• **Input material**:
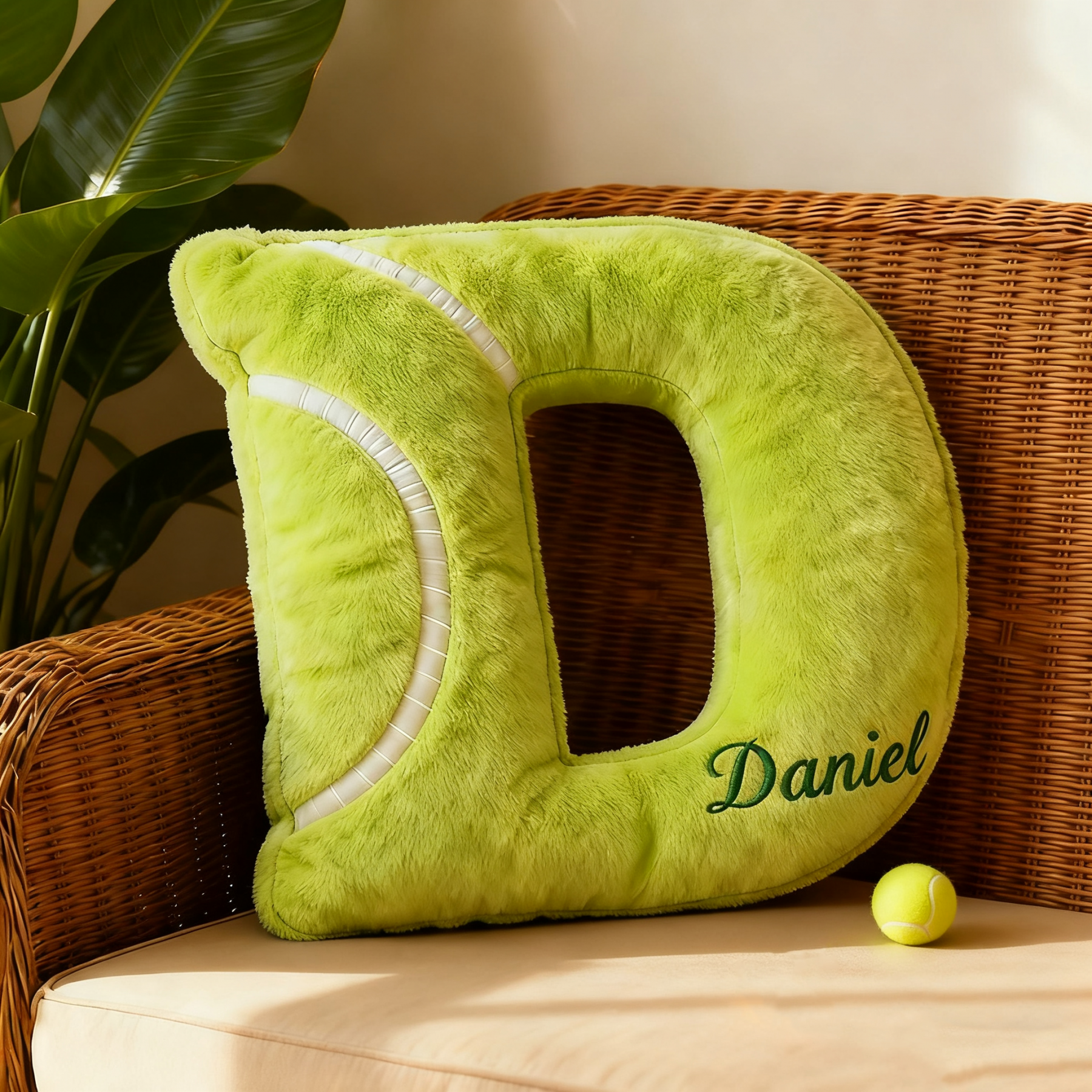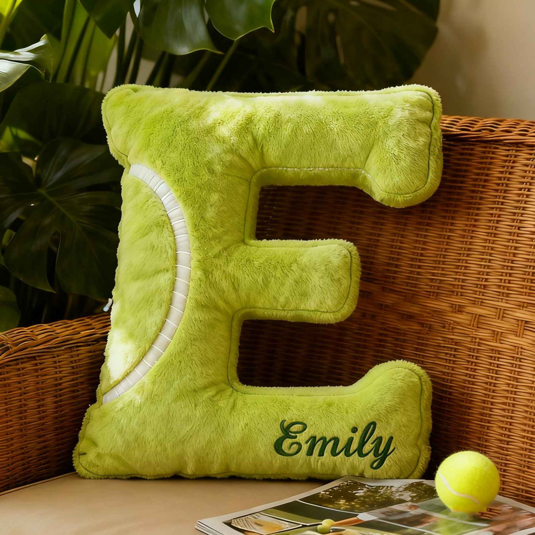 Personalised Tennis Themed Letter Shaped Pillow with Custom Name Tennis Fans Gifts Christmas Gift for Tennis Lover
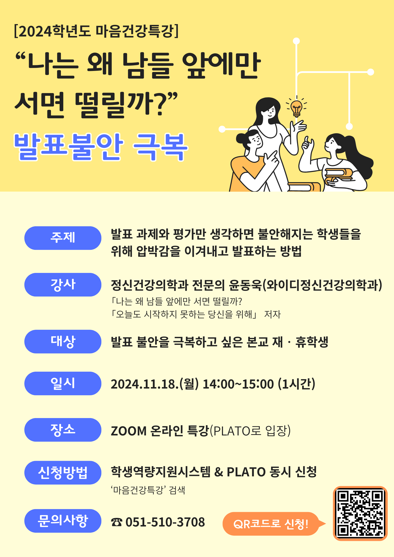 - 신청방법: 학생역량지원시스템 - 비교과 프로그램 -'마음건강특강' 검색 후 신청(QR코드 활용)
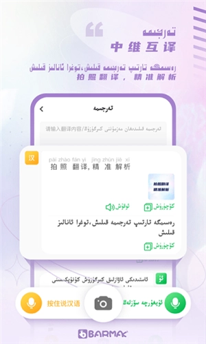 【高效维汉互译】支持语音、拍照翻译功能,覆盖日常、旅行、工作等多种沟通场景,助力无障碍交流;
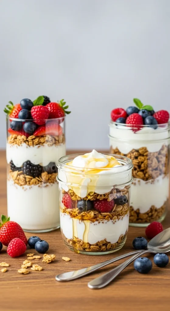 Healthy and colorful. Layer yogurt, granola, and fresh fruit in jars or glasses. You can prepare them the night before for quick serving. Add a drizzle of honey for sweetness.
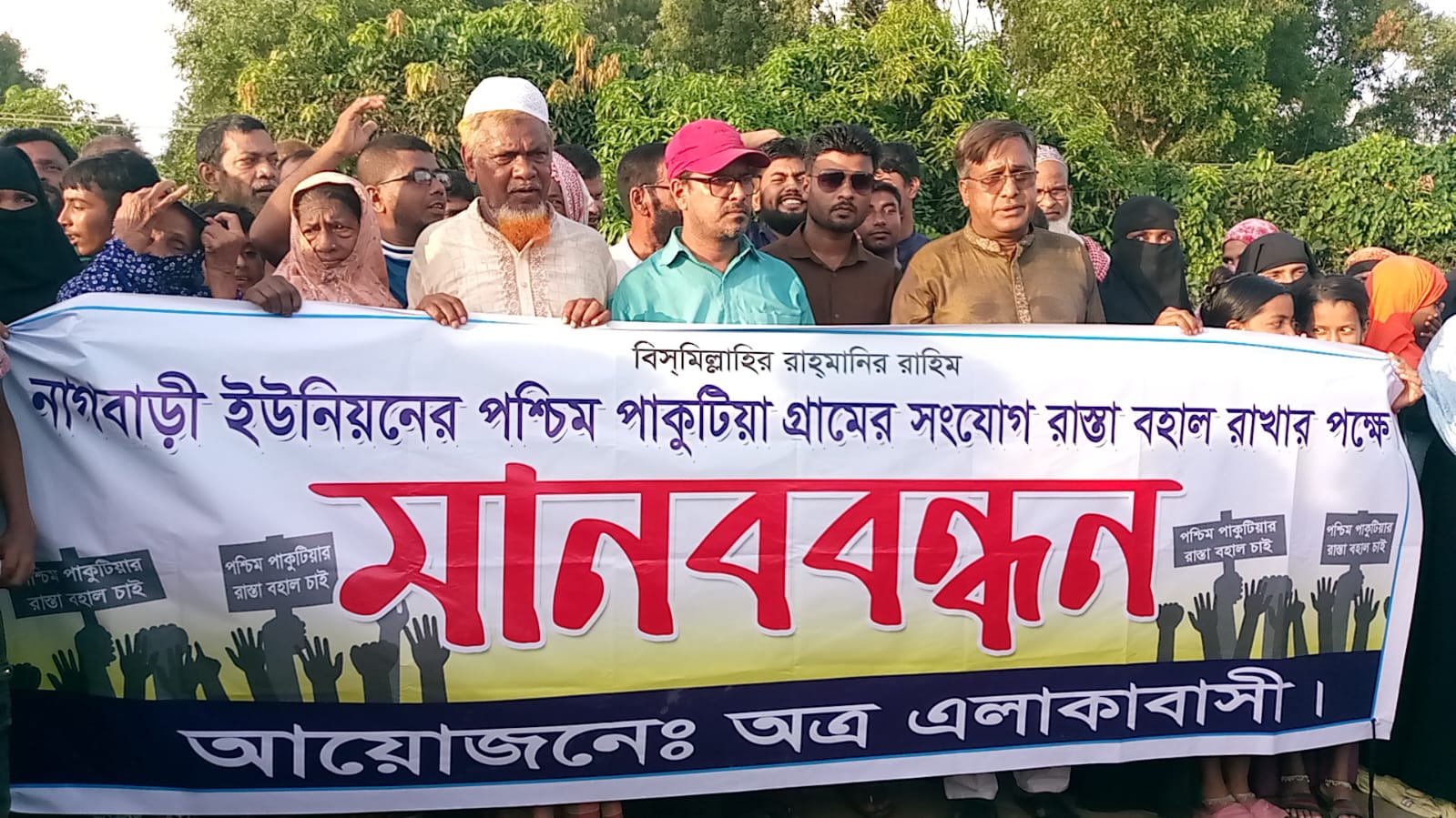 কালিহাতীর পশ্চিম পাকুটিয়ায় রাস্তার দাবিতে এলাকাবাসীর মানব বন্ধন
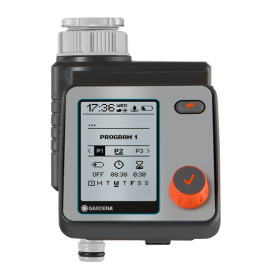 Met de GARDENA besproeiingscomputer Master kunt u de besproeiing uiterst flexibel en op maat instellen. U heeft de mogelijkheid om maximaal zes verschillende, onafhankelijke schema's te maken. Dit apparaat, dat op batterijen werkt en direct op de kraan wordt aangesloten, is eenvoudig te bedienen met slechts een draai- en drukknop om de gegevens te selecteren en te bevestigen. Het volledig grafische display is gemakkelijk leesbaar en toont al uw instellingen in één oogopslag, met de mogelijkheid om het menu in 10 verschillende talen in te stellen.
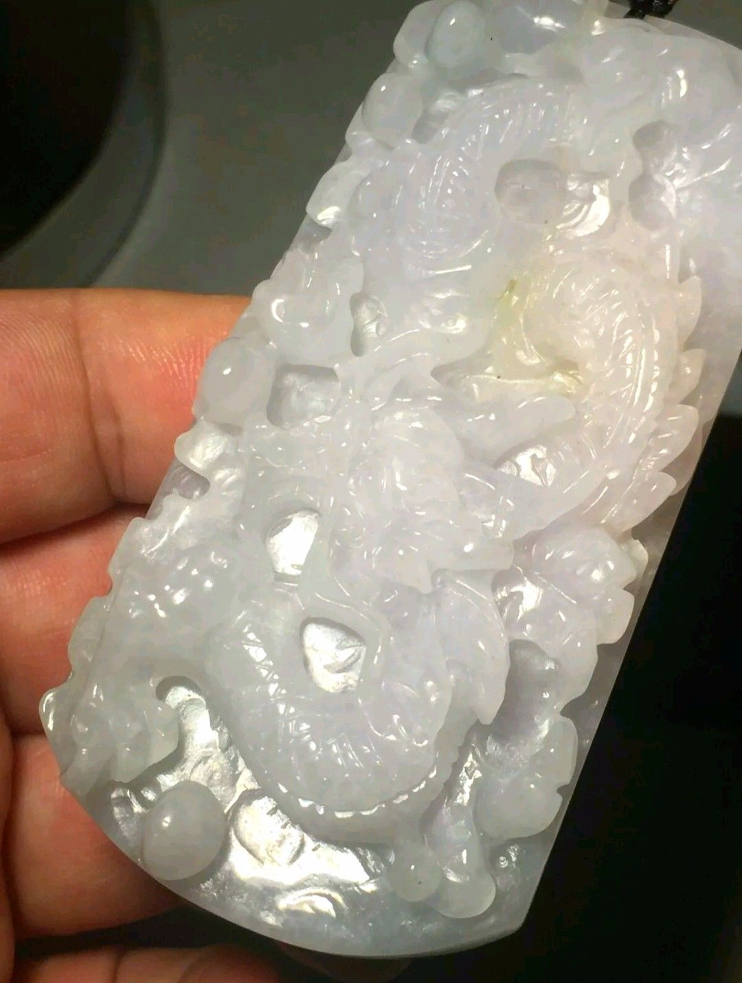 Genuine Burma type A icy jade Jadeite pendant Dragon. 106 gr. 88x42.6x17 mm. Vintage jadeite. Real,100%natural and untreated.
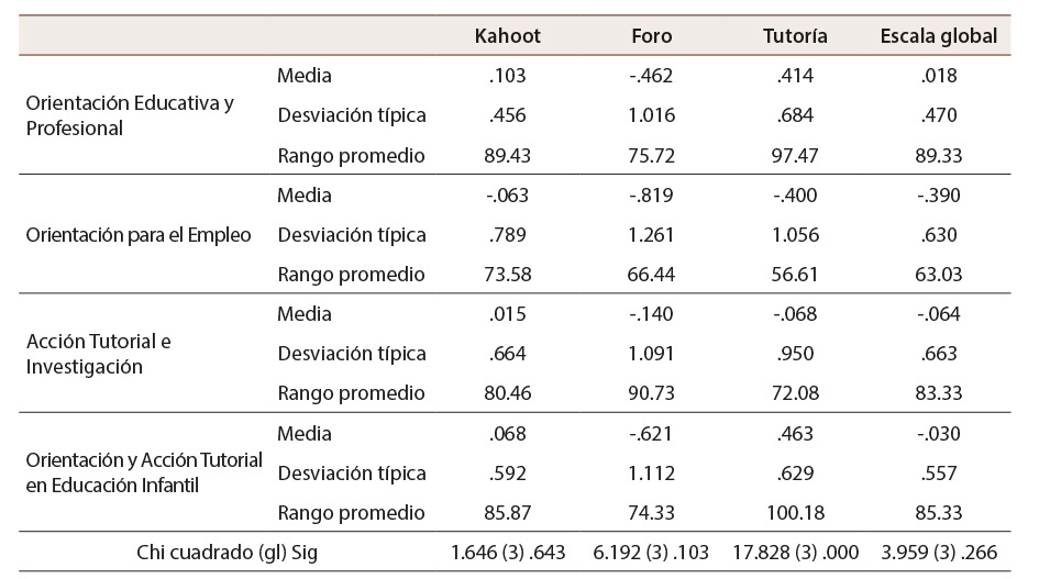 Una vez obtenidas las evidencias de validez de la estructura interna sobre la nueva variable de satisfacción latente, y confirmada su consistencia, los resultados indican diferencias significativas en las valoraciones de las tres subescalas con la prueba de Friedman 31.401(2), p=.000, el alumnado muestra la satisfacción más alta con la tutoría (M=.106, DT=.898), seguido de Kahoot (M= .034, DT=.628) e insatisfacción con el uso de los foros virtuales (M= -.386, DT=1.121).
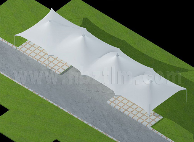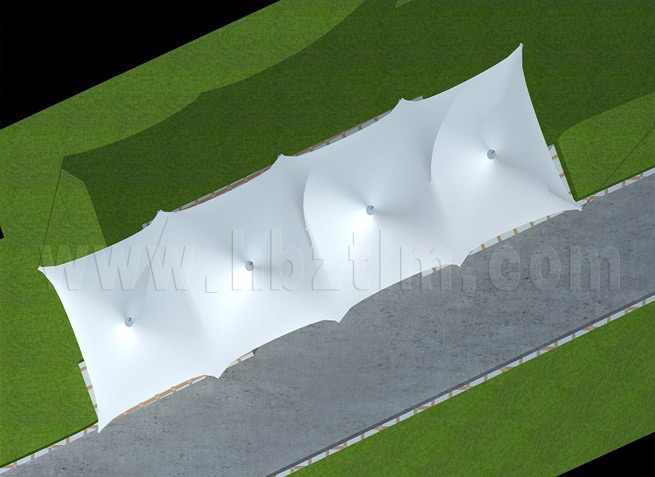 膜材采用PVDF国产或者进口建筑膜材、PTFE玻璃纤维建筑膜材、ETFE透明的永久性建筑膜材;自动放样裁剪,高频焊接,拉伸效果超强,曲线成型可千变万化;膜材质保一般可达15-20年。

• **How to complete this task**: Word for word, copy the lines from the one with "Genuine Burma type" through the end of the entries above, and do not include any picture.

• **Exercise response**:
 Genuine Burma type A icy jade Jadeite pendant Dragon. 106 gr. 88x42.6x17 mm. Vintage jadeite. Real,100%natural and untreated.
 Una vez obtenidas las evidencias de validez de la estructura interna sobre la nueva variable de satisfacción latente, y confirmada su consistencia, los resultados indican diferencias significativas en las valoraciones de las tres subescalas con la prueba de Friedman 31.401(2), p=.000, el alumnado muestra la satisfacción más alta con la tutoría (M=.106, DT=.898), seguido de Kahoot (M= .034, DT=.628) e insatisfacción con el uso de los foros virtuales (M= -.386, DT=1.121).
 膜材采用PVDF国产或者进口建筑膜材、PTFE玻璃纤维建筑膜材、ETFE透明的永久性建筑膜材;自动放样裁剪,高频焊接,拉伸效果超强,曲线成型可千变万化;膜材质保一般可达15-20年。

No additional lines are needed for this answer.